# Bringing home a plant for birds to eat?



## Fredandiris (Nov 27, 2012)

I know it sounds weird but I want to bring home a plant from the store for the birds to hang out on and eat. They really seem to like sitting on and chewing my fake plants (under close supervision) so I thought that a real plant would be a lot cooler for them! And they'd be getting their daily dose of veggies in, which is a plus. 

Do you guys have any ideas on how to go about this? I was thinking of buying an organic, pesticide free plant. I'm not sure what would be a good one though. And I should probably replant it in some organic soil right? One without any fertilizer? Or is there another type of soil that's safe for them to graze around in, like peat moss, or...I don't know I don't have much experience with gardening


----------



## Charlotte (Jun 4, 2014)

I think most herbs are ok (with the exception of the mint family, which I read on here are only ok in moderation). I guess herbs don't have the sturdiness you want though?


----------



## dianne (Nov 27, 2013)

It doesn't sound weird at all. I have often thought the same thing.

I have given my birds carrot tops and wheat grass. They go through it very quickly.

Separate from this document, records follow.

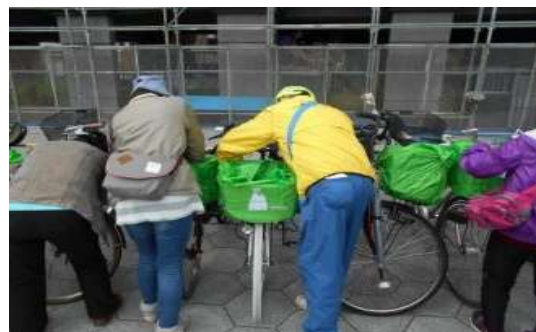
ひったくり防止カバー取付キャンペーン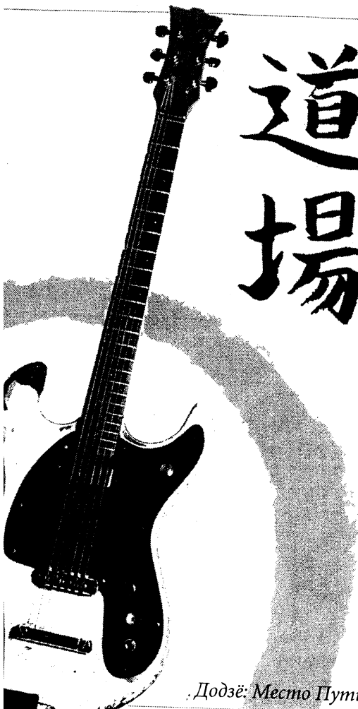
Додзё: Место Пути

"Не смущайтесь, если вы не музыкант. Вы желанный участник, если у вас есть намерение творить звуки".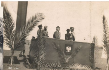
1942 r. - Irak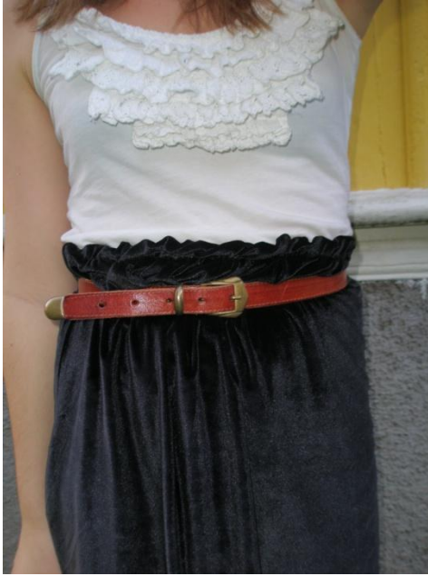
Kjol sydd av gammal klänning, linne och skärp second hand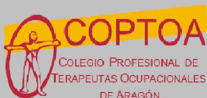
COLEGIO PROFESIONAL DE TERAPIA OCUPACIONAL DE ARAGÓN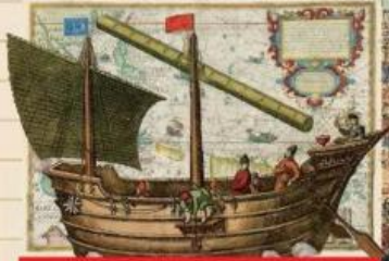
Pelayaran dan perniagaan di Nusantara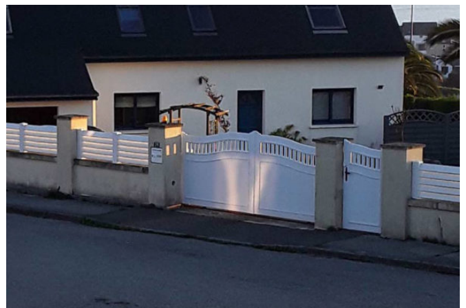
Formations lumineuses sur le portail d'un pavillon à Camaret (France).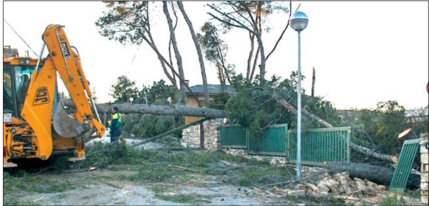
EL PAISATGE DEL XARÓ DESPRÉS DEL TEMPORAL ERA DESOLADOR

A més d'aquestes destrosses hi va haver problemes amb les línies telefòniques i durant algunes hores no es va disposar d'aquest servei. La majoria dels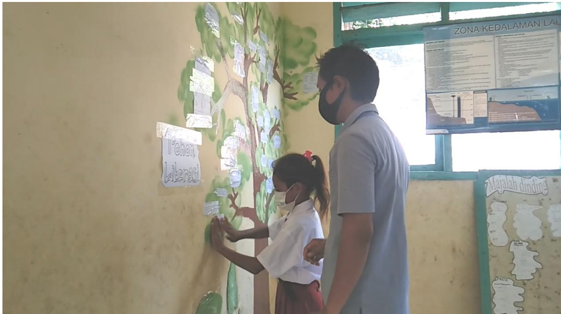
Gambar 9. Peserta Didik Menempelkan Pokok Pikiran Hasil Literasi pada Pohon Baca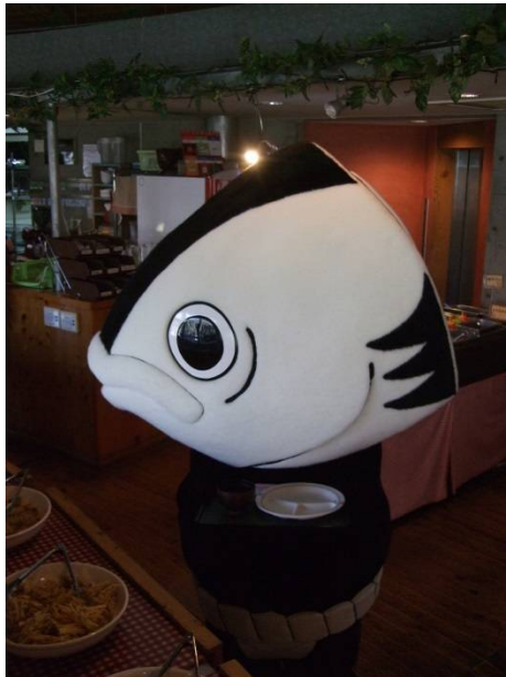
♪カフェレストでバイキングメニューを選ぶ。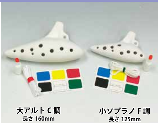
大アルト C 調 長さ 160mm

表面に直接鉛筆などで下絵を描き、アクリル絵の具、顔料系マーカー、クレヨン、色鉛筆など何でも描くことができます。付属の水性ニスを最後に表面に塗れば完成です。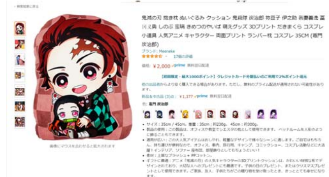
図 7 AMAZON.co.jp に見られる海賊版グッズ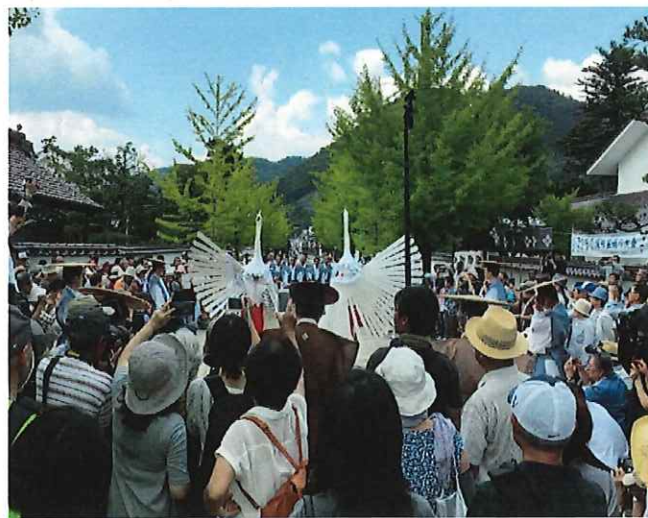
鷺舞の賑わい

鷺舞は「疫病鎮護」を祈願する舞といわれています。ユネスコ無形文化遺産となった優美な鷺舞によって、現代の疫病である新型コロナウイルスが終息へ向かうことを願ってやみません。

They seem to enjoy breaking the stems off more than eating them. They do eat it, but a lot ends up on the floor of the cage.


----------



## Tisena (Sep 28, 2013)

I'd love to get a bird safe little branchy plant and have it in a big pot in my room so they can play on it  I have aloe vera that I can put in the misty bottle too to help their skin


----------



## SoCalTiels (Oct 8, 2013)

Plants in the cage

Try giving this a read, from a little while back, the plants came into conversation at the top of page 3 and towards the end of the thread, we started having pictures to show. But for summary, in the time since then, the birds love it. Tink had almost stripped the first rosemary plant in a week, lol. Even caught stubborn Bird trying out the basil. We decided organically grown plants with larger type aquarium rocks arounds the base to keep them out of the dirt. I'm planning to add a bunch hanging/on the sides of aviary outside soon. The only trick is keeping them alive, lol. I had them rotate of a few days in the cage, few days outside in the sun if they don't get light where the cage is. Wheat grass is a pretty easy one.

Personally, I think more veggie resistant tiels, like Bird, are more like to interact with the plants as part of the environment, and experiment with it as a food. I haven't been able to get him to even try veggies otherwise.


----------



## Fredandiris (Nov 27, 2012)

Wow that's absolutely wonderful!!  I'm gonna start doing that now! I actually just got some basil and sage for my aquaponics system but I'll use em for the birdies instead


----------



## yokobirdie (Jul 9, 2014)

Yoko just loves her wheatgrass!


----------



## Tisena (Sep 28, 2013)

SoCalTiels said:


> Plants in the cage
> 
> Try giving this a read, from a little while back, the plants came into conversation at the top of page 3 and towards the end of the thread, we started having pictures to show. But for summary, in the time since then, the birds love it. Tink had almost stripped the first rosemary plant in a week, lol.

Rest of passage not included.